►

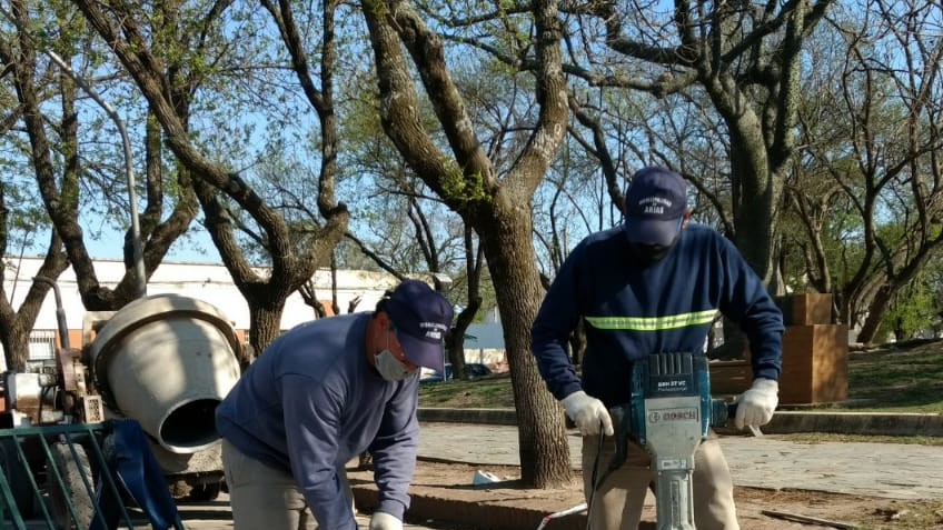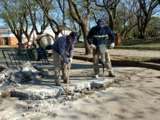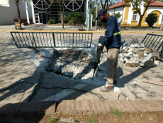 La Municipalidad continúa realizando reparaciones y mantenimientos en distintos puntos de la localidad, en éste caso en la playa de estacionamiento de calle Córdoba, frente a Bancor .
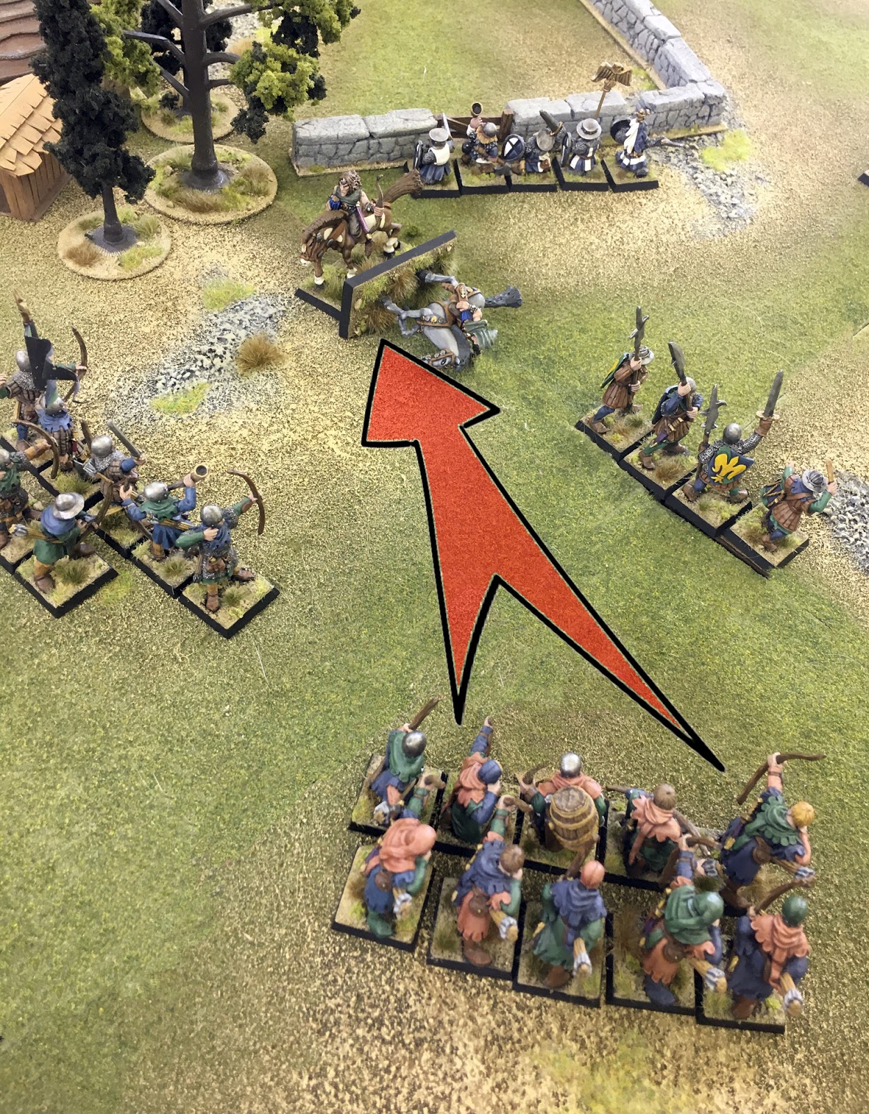 The human archers, which now formed the left flank of the human line, loosed an ineffective volley at the mounted rangers and then moved forward to close up on the left flank of the halberd unit.
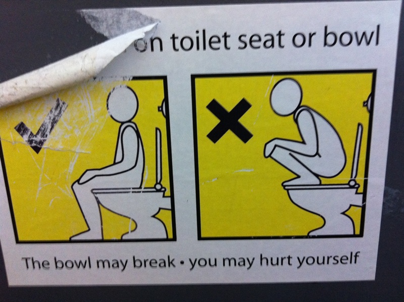 My first visit to the toilets at my University and this is what I saw! I couldn't stop laughing ;) And, seriously: you see these stickers in every toilet. Wasn't sure why, but found out quickly that the Asians are used to squat over a hole in the ground... Might not be a good idea with these western toilets ;)

◄

* _Your instructions_
Would you restate, word for word, the lines from the one holding "The human archers, which" through the end of the material above? Omit the pictures.

* _Written solution_
 The human archers, which now formed the left flank of the human line, loosed an ineffective volley at the mounted rangers and then moved forward to close up on the left flank of the halberd unit.
 My first visit to the toilets at my University and this is what I saw! I couldn't stop laughing ;) And, seriously: you see these stickers in every toilet. Wasn't sure why, but found out quickly that the Asians are used to squat over a hole in the ground... Might not be a good idea with these western toilets ;)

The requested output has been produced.